**Assigned task:** In this exercise, retype exactly and only the lines from the top of the entries below through the line that holds "Minimalist and versatile, this", omitting pictures.

[Items listed in a dataset]
........
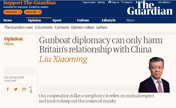 据中国驻英大使馆2月27日消息,英国主流大报《卫报》26日刊登刘晓明大使署名文章《“炮舰外交”只会损害中英关系》。
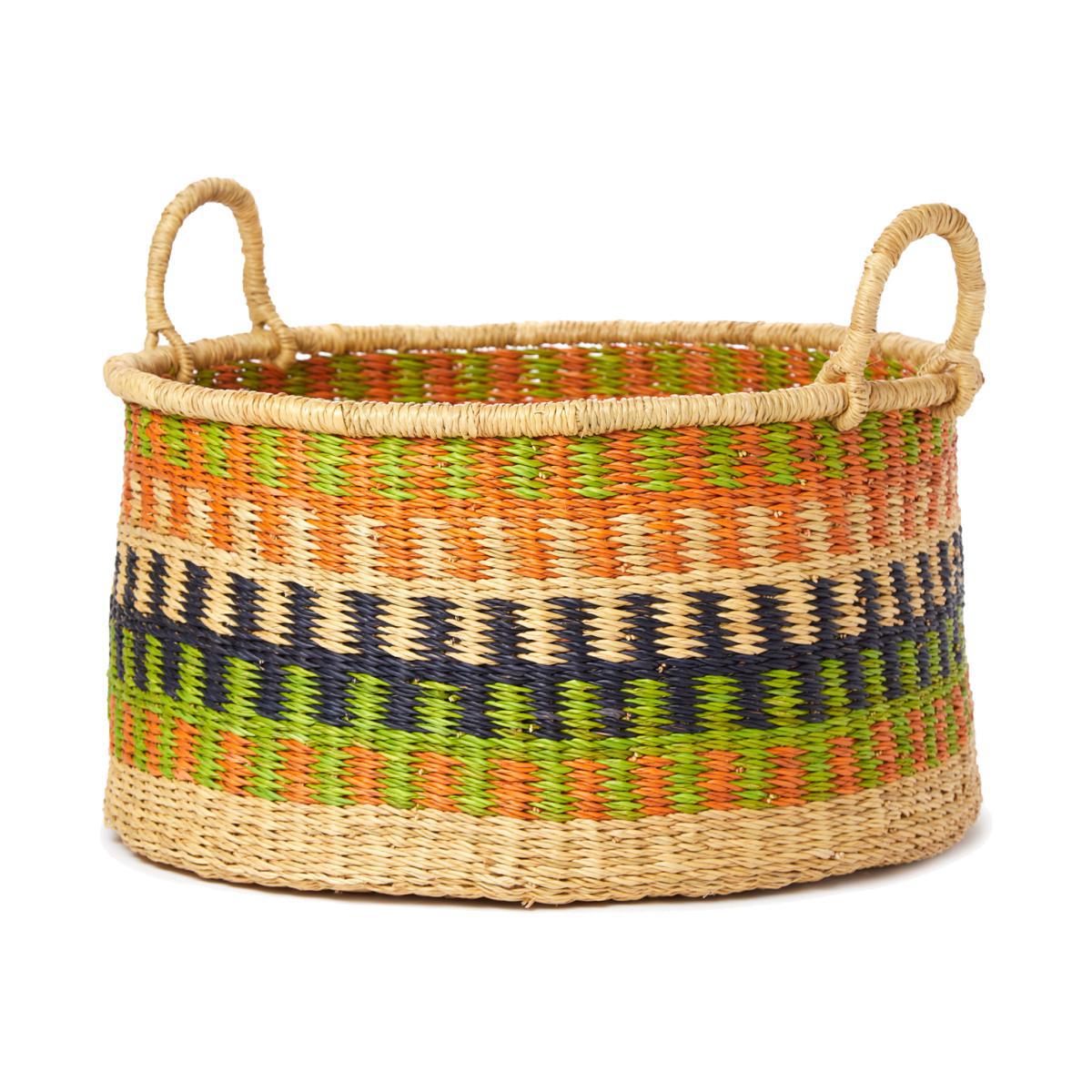 Minimalist and versatile, this small Circular Floor Basket was designed by The Basket Room and handcrafted in Northern Ghana. Woven from ethically-sourced veta vera grass, the sustainable material is known for its durability and natural texture. Spurred on by their love of basket weaving, Holly Dutton and Camilla Sutton founded The Basket Room. By supporting local communities in Rwanda, Ghana, Kenya and Swaziland, the workers benefit from fair wages, dignified working conditions and flexible working hours. Please note: The Circular Floor Basket is available in an assortment of unique finishes, one of which will be selected for you at random when ordered online. A lucky dip, if you will. Should you require a specific finish, or prefer not leaving these things to fate, we recommend visiting us in-store.
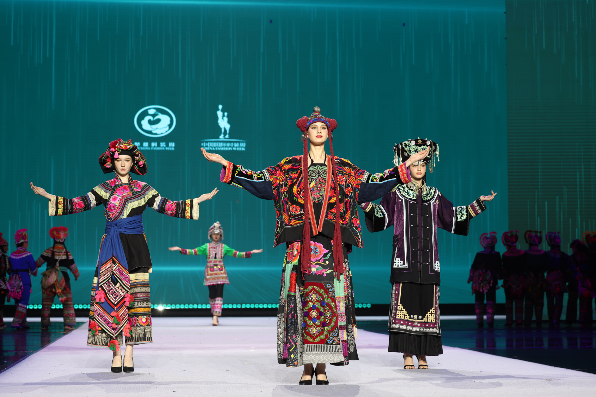 在各阶段的服装服饰展中,一件件融合非遗技艺与时尚设计于一体的服装服饰惊艳亮相。拥有厚重文化底蕴的楚雄彝绣别具一格,图案构思抽象、针法多样精致、配色大胆独特,每一件彝绣作品都是彝族文化的生动载体。云南各民族的服饰如调色盘上的浓墨重彩,哈尼族的靛蓝、白族的扎染、纳西族的披星戴月……不同民族的服饰风格各异,却共同晕染出“有一种叫云南的生活”的秀美图景。贵州苗族银饰缀满花鸟纹样,走动间流光溢彩;五指山黎锦以棉线织就山海、日月纹样,尽显热带风情;凉山州彝族披毡以羊毛手工缝制,靛蓝底色配红色纹样,尽显高原民族的豪迈……各地服饰各展其美,与云南各民族服饰共同勾勒出中华民族服饰的绚丽版图。不仅如此,此次盛会还汇聚了南亚、东南亚国家的特色服装,优雅迷人的越南奥黛、庄重大气的泰式传统服饰等一一亮相,充分展示了世界文明多样性,也生动印证了“民族的就是世界的”这一深刻理念。
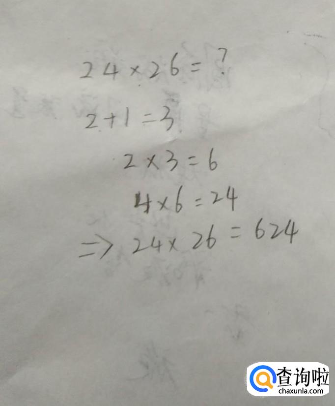 十位相同,个位相加等于10的速算方法:一个头加1后,头乘头,尾乘尾,例如24*26=?
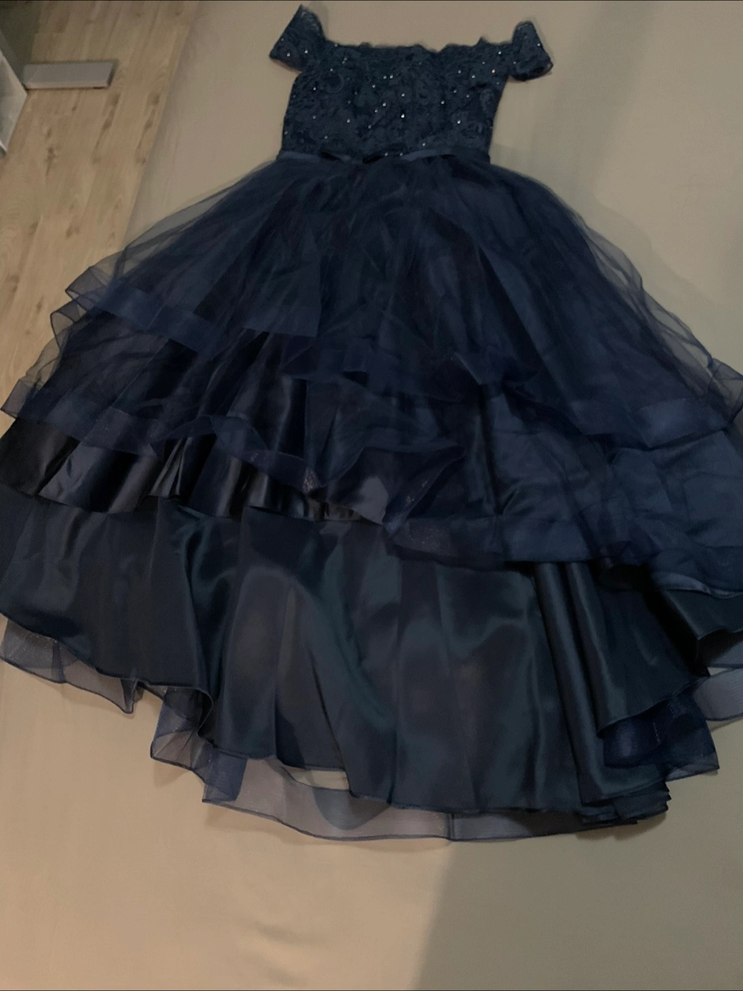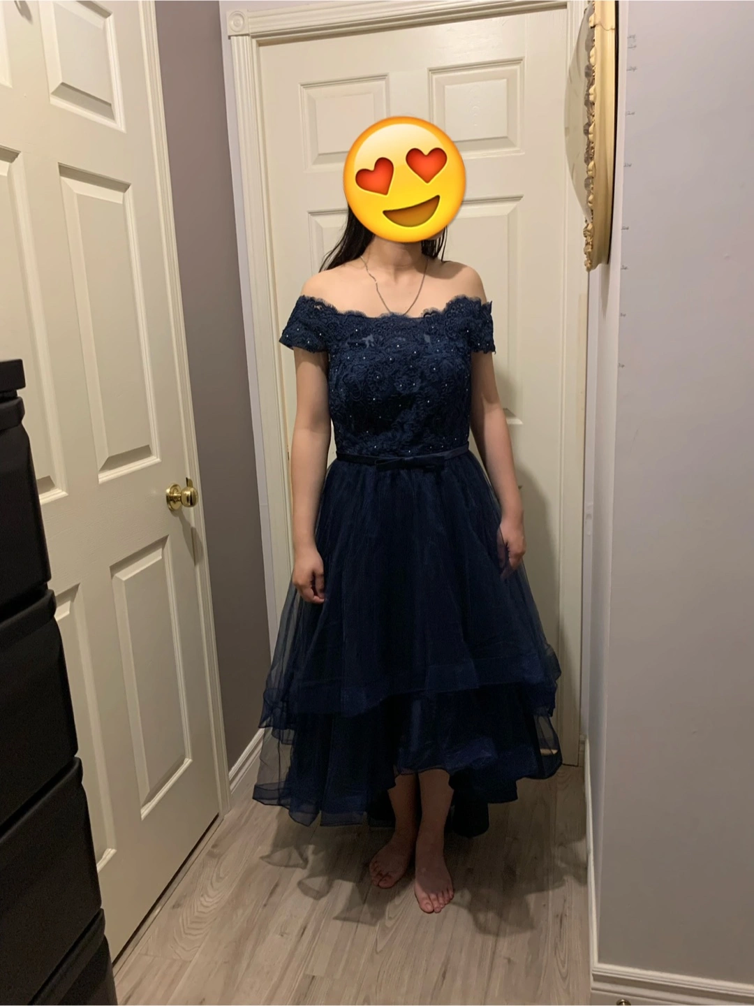 224Beautiful navy blue formal dress. Features off-the-shoulder neckline, layered tulle skirt, and high-low hemline. Lace bodice with beaded accents. Perfect for prom, special occasion, or wedding.
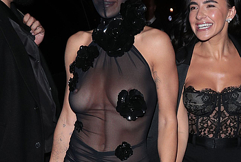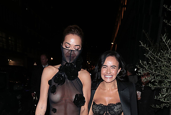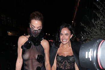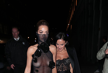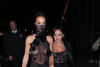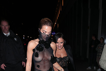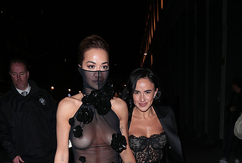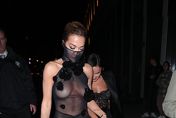Rita Ora confidently embraces her natural beauty, showcasing her nude boobies. At one of the events, she impressed everyone with her outfit. This British singer wore a black sheer dress, the top of which ended like a mask on her face. In addition, this 33-year-old celebrity wore braless. And if Rita Ora’s nude pussy was still covered by miniature panties, then her juicy tits could be seen through the transparent fabric.
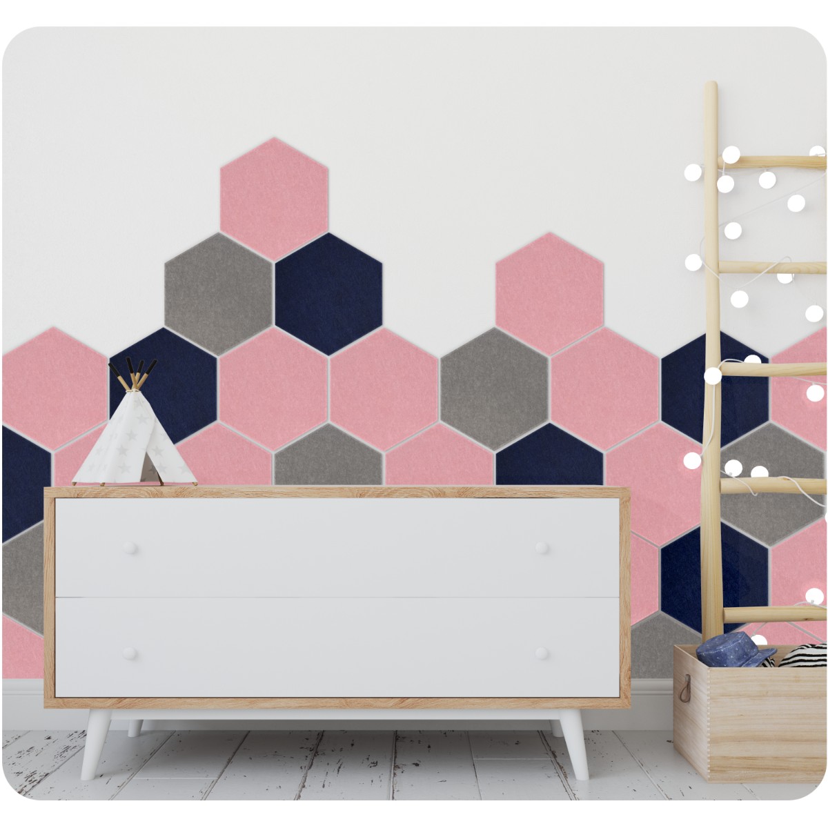 Doskonałe rozwiązanie dla tych, którzy pragną nie tylko funkcjonalności, ale także estetyki w swoim wnętrzu. Nasz panel ścienny jest wykonany z wysokiej jakości filcu PET, zapewniającego trwałość i wytrzymałość na długie lata.
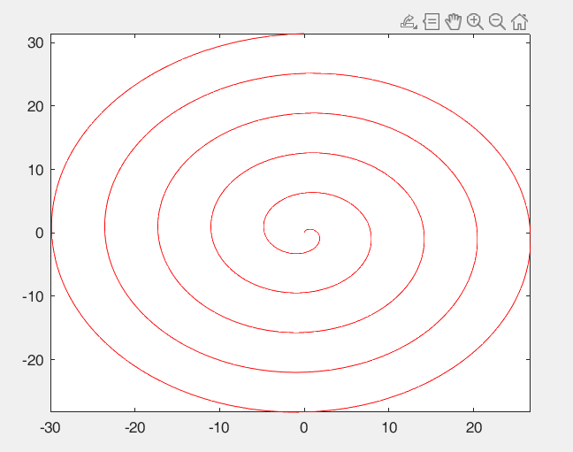 >> fplot(@(t)t.*sin(t),@(t)t.*cos(t),[0,10*pi],'r')
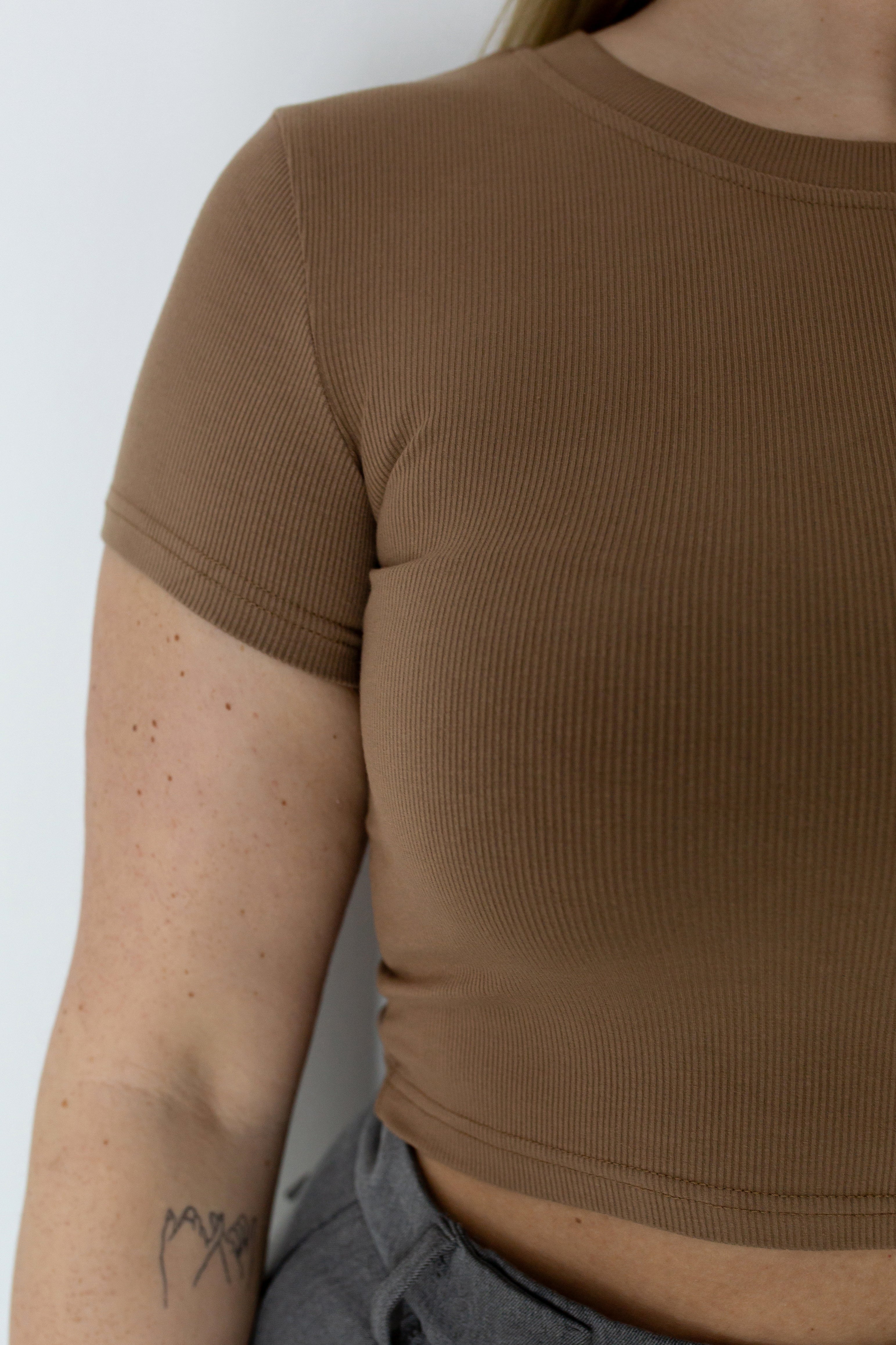 Basic Crop Top Shirt Brown
........
**Exercise output:**
 据中国驻英大使馆2月27日消息,英国主流大报《卫报》26日刊登刘晓明大使署名文章《“炮舰外交”只会损害中英关系》。
 Minimalist and versatile, this small Circular Floor Basket was designed by The Basket Room and handcrafted in Northern Ghana. Woven from ethically-sourced veta vera grass, the sustainable material is known for its durability and natural texture. Spurred on by their love of basket weaving, Holly Dutton and Camilla Sutton founded The Basket Room. By supporting local communities in Rwanda, Ghana, Kenya and Swaziland, the workers benefit from fair wages, dignified working conditions and flexible working hours. Please note: The Circular Floor Basket is available in an assortment of unique finishes, one of which will be selected for you at random when ordered online. A lucky dip, if you will. Should you require a specific finish, or prefer not leaving these things to fate, we recommend visiting us in-store.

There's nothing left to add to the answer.